After the initial explorations of the self with MDMA, L suggested to use another entheogen that would widen the scope of conscious awareness beyond the personal narrative. In this case, she meant the use of psilocybin-containing mushrooms. As with the first medicine, she invited me to come with intention and for my part I had intended to take another step upwards along the spiritual path to oneness or samadhi. Yet, unlike MDMA, which is more easily influenced by thoughts and intentions, mushrooms can have their own intentions and bring on experiences that transcend deep psycho-spiritual barriers of the self.
A short while after consuming several grams of the dried (and not particularly tasteful) mushrooms, I lay back and with my eyes closed began to see masses of undulating soft tissue, orange-colored intestinal or uterine/ovarian flesh, with small roundish areas that were glistening wet and either expanding or contracting. I became one with this tissue and felt its awareness devoid of thought or perception of any kind. I later became immersed in blossoming rosettes that had friendly animal faces of many kinds, in particular a beautiful wild cat. But in addition to this warmth and beauty, I also experienced a reptilian world of slivering creatures with red dinosaur-like eyes and black backbone-like structures, wet and ominous. This world held no beauty nor feeling of love or compassion, and was rent of any emotion except for that of to consume or be consumed. To the sound of dideriju music in the background and being far from my normal level of conscious awareness, I writhed along with these reptiles and felt the unmistakable horror of a consciousness that lacked any mammalian emotion. It was then that my outward anxiousness led L to use some body work in order to relax me, which it did, but not before I had nearly begged her to change the music that had inspired those visions. During which I also beheld demonic imagery – smallish sinister-looking elves with red eyes and pointed hats. Perhaps the real face of the medicine, I imagined – although I was not afraid, but rather curious.

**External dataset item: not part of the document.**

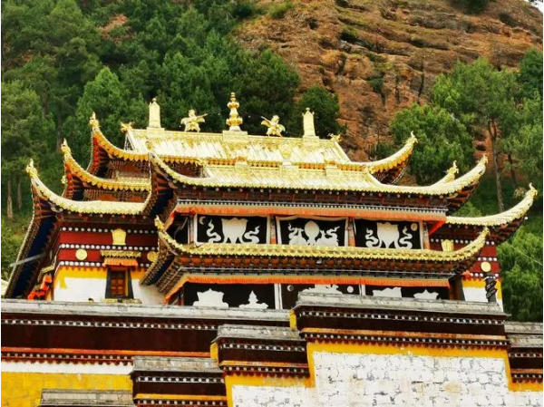 館為院落式佛殿建筑群,由十三余座建筑組成——大雄寶殿巍峨壯麗;藏經(jīng)閣、度母殿精致典雅;瑪哈噶拉殿、祈壽殿、財(cái)神殿、大講堂莊嚴(yán)肅穆;陽(yáng)光精舍、噶當(dāng)精舍、上師寢宮、夏爾倉(cāng)和賽赤活佛寢宮明柱素潔,另有藏地罕見(jiàn)的關(guān)公殿奉立其中。

Yet I did not enjoy these visions and felt rather uncomfortable, even annoyed, that this is what the medicine had showed me. Whereas I had wanted an ethereal trip to a higher plane of thought and existence, instead I beheld a vision of consciousness from the ground up. From the lowest point of awareness through reptiles and finally up to flowering plants and mammals, which appeared as one at times.
Because of this discomfort I opened my eyes just slightly and saw the room shimmer with beautiful cloth-like patterns with rainbow-colored points of light, like a fabric of lights. L sat like an Indian sentinel bathed in gold light – at times guarding me, but also making me listen to the sounds of the dideriju that evoked my disquietude. I kept asking her for silence, but it took a long time till she finally stopped the music. She spoke and I noticed that the colors of her face changed and she suddenly looked very much older than her years. But the new-found silence was beautiful and I sat up in peace, feeling good, and was meditative for what seemed quite a while – shaking off the intense stupor of the trip cast by the mushrooms. I ate some fruit and looked at photographs of my family and old friends – and saw how incredibly beautiful they were. They were so intense that I cried tears both from the sheer beauty and also the thought they were frozen moments of time that would never return. I cried for minute or two before holding it back, but might’ve carried on for longer.
Although much time in this life has passed and I am not young anymore, I realized that I still want and need more of it. This journey in consciousness not only showed me a very base/early level of consciousness in life and the different life forms, it also showed me a sense of my inner fears – some very primal. But the better part was that it let me see the beauty and love that I have in this life. I didn’t learn why I was here, didn’t see sacred geometry or godly images, but was so very grateful for being able to see and feel the extent of awareness – from cellular level all the way up the chain of life to human form.